One gray morning we piled into the van for yet another day of weatherization. We pulled onto a dirt road on the outskirts of a nondescript town, to a rusty and beaten trailer. Our site supervisors told us to gather up our tools and grab some new heating vents from the van. When we entered the trailer, an old man greeted us at the door. Old is an understatement. This man was ancient. Clad in faded overalls and a flannel shirt, he had that weathered look about him, as if each wrinkle told a story of hardship. I glanced at his arthritic knuckles as he opened the door for us, and then looked into his face. He nodded a silent hello.

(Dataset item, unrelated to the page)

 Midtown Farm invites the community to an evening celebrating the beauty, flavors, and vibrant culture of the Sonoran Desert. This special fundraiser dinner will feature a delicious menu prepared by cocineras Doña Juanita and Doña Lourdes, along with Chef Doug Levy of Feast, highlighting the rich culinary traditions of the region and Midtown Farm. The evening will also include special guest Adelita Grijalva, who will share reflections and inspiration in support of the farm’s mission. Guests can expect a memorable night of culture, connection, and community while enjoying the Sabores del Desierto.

We set out to complete our assigned task of replacing his older heating vents with new ones. While we were working, I noticed buckets and buckets overflowing with brown nuts. I looked around the trailer, and in every corner there were more of these same buckets.

Curiosity got the better of me and I asked one of the supervisors what the buckets were filled with. "Pecans," he replied. He grabbed two of them, crunched them together in his large fist, and showed me the meaty insides of the nuts. "Try 'em," he said, as I nervously put one into my mouth. He laughed at my scrunched-up face as the bitterness of the nut hit my tongue.

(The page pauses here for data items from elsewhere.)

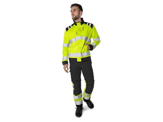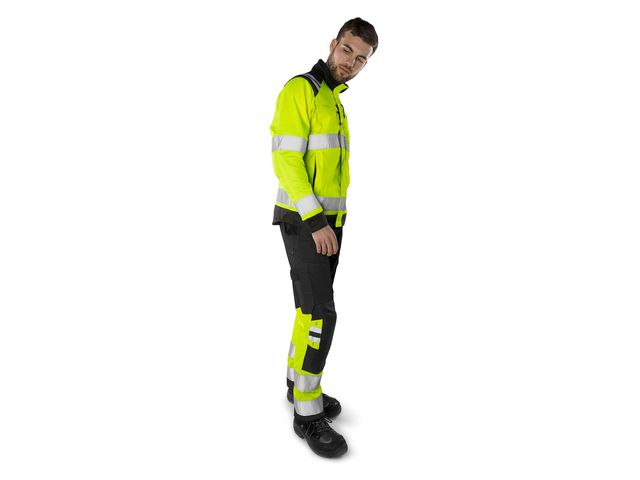 Miljödeklarerade varselbyxor med stretchpartier i midjan för extra komfort. Bekväma arbetsbyxor med praktiska fickor, tillverkade i ett lätt och slitstarkt material av återvunnen polyester och ekologisk bomull. Byxorna har en förstärkt tumstocksficka med plats för verktyg, pennor samt knapp och knivhälla.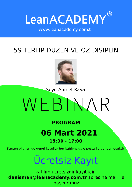 Yalın üretim temek tekniklerinden olan 5S ile webinarlarımız devam ediyor 5S webinarı -- * *LeanACADEMY* www.leanacademy.com.tr info@leanacademy.com.tr *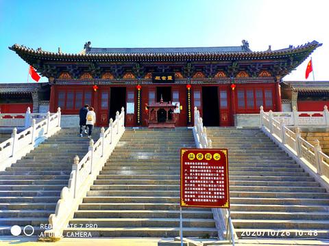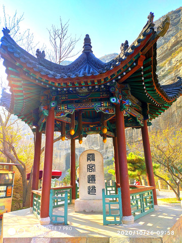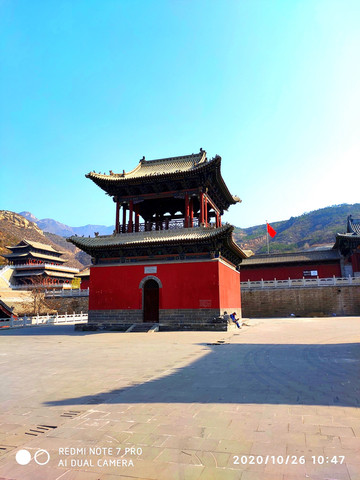 人天北柱。恒山主峰天峰岭,海拔2016.1米,被称为“人天北柱”,“绝塞名山”,“天下第二山”。看到人天北柱就开始进入庙群区,过了人天北柱牌楼是马神殿。马神殿又叫御马间,是为北岳大帝的坐骑而建。帝位的尊贵其马如同其主,故称“神驹”,于是建庙以神供奉。

Within an hour we had installed all of the new vents and started to clean up. While we were working, the old man had just sat on his couch and observed us silently. As we filed into the doorway to leave, he caught my eyes once more and slowly pointed to the chair next to me. I looked down to find four bags, neatly knotted, each filled with pecans. I picked the bags up, thanked the man, and walked out of the trailer.

In the van, as my teammates excitedly opened the bags and began to eat the pecans, the power of the old man's simple gesture hit me. He had nothing but pecans gathered with his own hands from the trees of South Carolina, but he was still able to give. I realized just how selfish I had been. Yes, I had been dealt a terrible blow with the death of my mom, but I was still alive. I still had everything I needed to survive. I could still give.

I learned this lesson in rural South Carolina in a dilapidated trailer that I will never see again, but I often think of that man and the wisdom he taught me that day. I carry one of his pecans in my purse so that I will never forget his message. Without AmeriCorps*NCCC, I would never have turned my mother's death into an experience that taught me the ultimate lesson in life: To give is to live.